The Arts and Crafts culture on California’s sunny west coast was about the vast connection to nature and geography, breaking down strict ideals of indoor and outdoor living. But how did it start?
Once upon a time, brothers Charles Sumner and Henry Mather Greene were born in what is now Cincinnati, OH. They summered on their mother’s ancestral farm in West Virginia as boys and attended university in St. Louis. They fell in love with the outdoors and studied carpentry, woodworking, metal working and toolmaking. Their father thought they should both become architects so he made them study architecture at the Massachusetts Institute of Technology (MIT) in Boston. They both settled in respective firms after graduation but followed their parents to the then-resort town of Pasadena in the 1890s.
The brothers arrived in Pasadena in 1984 and established Greene & Greene, leading to their peak years of influence from 1904-1914.
“California, with its climate, so wonderful in its possibility, is only beginning to be dreamed of,” Charles wrote soon after arriving. He was only 25.
Their rambling homes flowed inside into outdoor courtyards and pergola’d living spaces; unique rooftops offered shade; and massive cobblestone fireplaces established a proper living room. It wasn’t Mission style exactly, nor Japanese, but it was likened to a Swiss chalet of sorts. It wasn’t quite Craftsman, either, as that felt almost medieval. The same elements were implemented in their furniture, lighting and other decor, too. The style didn’t have a name yet and was misunderstood in the beginning.
With Cali living as the challenge, their designs evolved into a solution that created a movement: the California Arts and Crafts movement, to be exact.



The brothers Greene served justified nods to Mexico, Japan and Switzerland but ultimately, this style of architecture became a celebration of American craft and decorative arts.

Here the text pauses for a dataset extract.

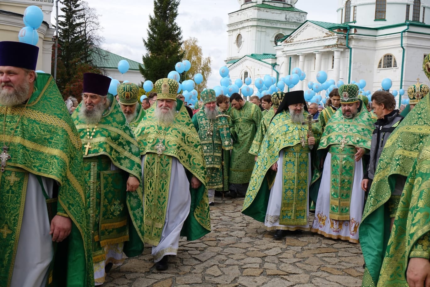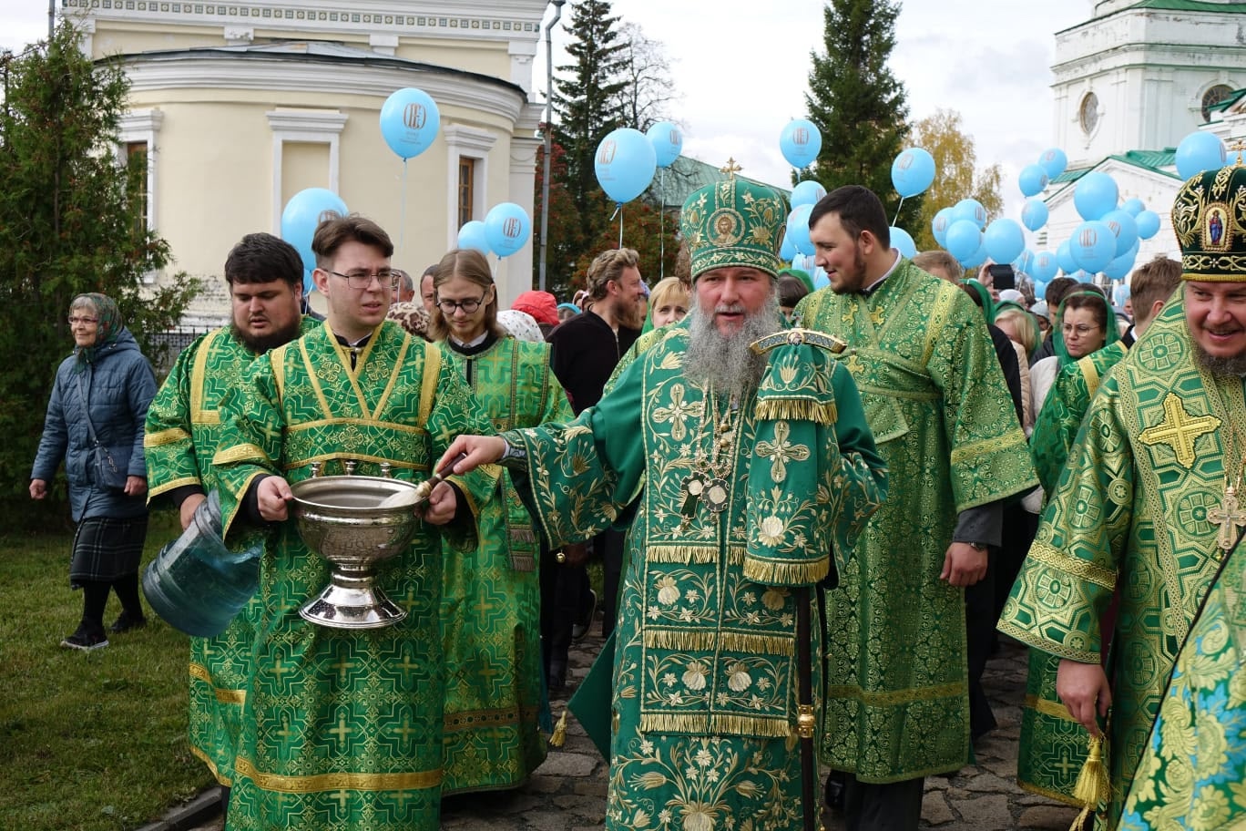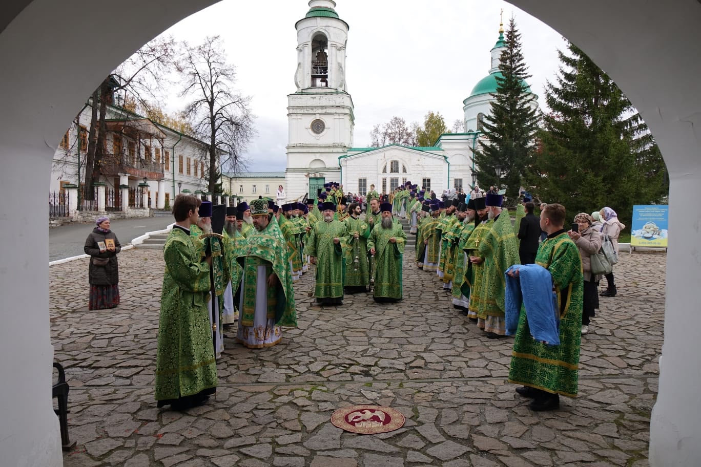 ПЕРЕНЕСЕНИЕ МОЩЕЙ СВЯТОГО ПРАВЕДНОГО СИМЕОНА ВЕРХОТУРСКОГО Сведения о жизни Симеона очень краткие и известны только из его жития, составленному в конце XVII века на основе рассказов его современников. Согласно житию, Симеон имел дворянское происхождение, но оставив дом пришёл в Сибирь, где вёл жизнь странника, скрывал своё происхождение. Большую часть жизни в Сибири провёл в селе Меркушино (около 53 км. от Верхотурья) и его окрестностях. В селе посещал местную деревянную церковь святого Архангела Михаила. В десяти верстах от Меркушино на берегу реки Туры Симеон летом уединялся для молитвы, добывая себе пропитание рыбной ловлей. Зимой он занимался пошивом шуб для крестьян в сёлах Верхотурского уезда. Отличался нестяжанием и чтобы не получать платы, оставлял одежду недошитой и уходил из села. Вёл проповедь христианства среди вогулов. Скончался в Меркушино в 1642 году и был похоронен на кладбище при церкви. В 1692 году гроб Симеона поднялся из могилы, так что в нём стали видны его останки. Местные жители расценили это как признак святости умершего, но его имя вспомнить не смогли. После этого появляются сообщения о чудесных исцелениях, связанных с Симеоном (в основном исцеление кожных заболеваний с помощью земли из могилы святого). В 1693 году в Меркушино Сибирским архиереем был направлен клирик Матфей для изучения сообщений о чудесах. Он сделал сообщение митрополиту и дал указание построить над могилой небольшой голбец. 18 декабря 1694 года по указанию митрополита Сибирского и Тобольского Игнатия игуменом Далматовского монастыря Исааком с прочими клириками было совершено освидетельствование мощей и опрос о имевших место исцелениях. На следующий день в Мекрушино прибыл сам митрополит, но выслушав донесение Исаака, что «в гробе нашли совершенно целое тело, исключая истлевших пальцев у одной руки и платья, и что при свидетельствовании они ощутили от тела благовонный запах», отнёсся к данному факту скептически. Житие сообщает, что после этого у митрополита заболел глаз и он, решив, что это кара за его сомнение, сам освидетельствовал мощи. В гробе, поднятом из могилы, были найдены костные останки, плотно покрытые плотью, и истлевшая одежда. Игнатий объявил их нетленными, а затем, по сообщению жития, во сне получил откровение об имени святого и повелел именовать его новоявленным угодником Божиим праведным Симеоном. 12 сентября 1704 года мощи Симеона из Меркушино с разрешения митрополита Филофея (Лещинского) были перенесены в Николаевский монастырь города Верхотурье, где их поместили в монастырской церкви у правого клироса. С перенесением мощей предание связывает чудесную остановку крестного хода по молитве хромого юродивого Космы, желавшего отдохнуть.

Common elements in homes inspired by Greene & Greene:
- Rooms and windows that open into mission-style courtyards, fountains and face outdoors
- Gradual sloping rooftops with rhythmic patterns of rafters extending beyond the roofline for shade
- Rambling and spread out estates that cling to the earth
- Clinker brick siding
- Cobblestone fireplaces
- Half indoor/outdoor living spaces
- Joints, pegs and complex exposed woodwork and beams to establish structure with straight lines
- Light and rich at the same time with earth tones, native materials and open floor plans
- Handmade tile and hammered metals
The architect firm Greene & Greene was over by 1916 and the brothers slowly stopped practicing — and were pretty much forgotten — until the mid-1940s, when their work was rediscovered by a new generation of modernist architects. The brothers Greene both passed away in the mid-1950s.